Abstract:
Valve with a displaceable actuating device that controls the movements of at least one actual sealing element for opening and closing, and the actuating device is loaded with an elastic element essentially in a perpendicular direction relative to the direction of displacement, and the longitudinal axis of the actuating device and the force exercised by the elastic element are aligned in one position of the actuating device between its two extreme positions. In order to realize a valve that can be electrically switched using minimal currents and that is characterized, in particular, by its small construction size but that is still able to achieve large regulating distances, the actuating device is a unilaterally constrained piezoelectric bending element.

Description:
BACKGROUND OF THE INVENTION 
   1. Field of the Invention 
   The invention relates to a valve with a displaceable actuating device which controls the movements of at least one actual sealing device for opening and/or closing, and the actuating device is loaded with an elastic element, essentially perpendicularly in relation to the direction of displacement and the longitudinal axis of the actuating device as well as the force that is exercised by the elastic element are aligned in one position of the actuating device between its two extreme positions; and/or the invention relates to a valve with a displaceable actuating device that controls the movements of at least one actual sealing device for opening and/or closing, and an elastic element acts essentially perpendicularly in relation to the direction of displacement of the actuating device, and the longitudinal axis of the actuating device as well as the force that is exercised by the elastic element are essentially aligned. 
   2. The Prior Art 
   In many kinds of valves the sealing device or an actuating device that moves the sealing device is preloaded in one of two directions by way of, for example, elastic elements. The preload can possibly also be created utilizing the forces that develop during the displacement of the sealing device or actuating device. In most instances, however, this has a negative impact on the switch-over dynamics of the valve at least in one direction, and the valve requires a high operating energy input in order to overcome this preload. 
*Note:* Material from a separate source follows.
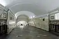 Центральный зал напоминает древнеримский зал базиликального типа. Пилоны и колонны дорического ордера покрыты светлым мрамором «коелга»[5]. Люстры по оформлению перекликаются с древнеримскими люстрами-светильниками, напоминающими снизу солнце. Покрытие пола — красный и серый гранит. На полу были сделаны крупные геометрические узоры[5]. Авторы проекта станции архитекторы Г. А. Захаров и З. С. Чернышёва были удостоены Сталинской премии. В основаниях свода центрального зала по всей длине проходят узкие металлическим фризы с филигранным орнаментом[5].

   On the other hand, valve constructions in which the two end positions are held stable by way of a preload on the basis of the geometry of the sealing or actuating device are also known in the art—if necessary, with the assistance of at least one spring element—while the force of an elastic element must be overcome in order to switch over and, after running through the first section of the total working stroke, the elastic element supports the further switch-over action. DE 197 20 849 A1 describes an example of such a valve; in this instance, two actors are envisioned for the switch-over action that engage the carrier element for the actual sealing device. 
   The object of the invention is a valve that can be electrically switched using low currents and that is characterized by its small construction size but that still allows for realizing large regulating distances. 
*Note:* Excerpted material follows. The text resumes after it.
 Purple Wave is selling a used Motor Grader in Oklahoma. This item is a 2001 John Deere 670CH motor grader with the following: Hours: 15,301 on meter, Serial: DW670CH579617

   SUMMARY OF THE INVENTION 
   To achieve this objective according to the invention the actuating device is realized as a unilaterally constrained piezoelectric bending element. With their very high density of force accompanied by minimal triggering power and good switch-over dynamics, these bending elements, which are in fact known in the art, have all prerequisites for a large stroke in the presence of the most minimal dimensions. In conjunction with the support of the change-over on the part of the elastic element, which exercises its largest force in the neutral position of the bending element and the applied force of which drops parallel to the increasing displacement and thereby the decreasing displacement force of the bending element, it is possible to utilize the full no-load stroke of the bending element and it is possible to increase the achievable stroke considerably—which is accompanied in the valves, in turn, by an increase of the flow-through output. 
   Advantageously, at least one of the actual sealing devices can be mounted to the bending element or integrated in the bending element. 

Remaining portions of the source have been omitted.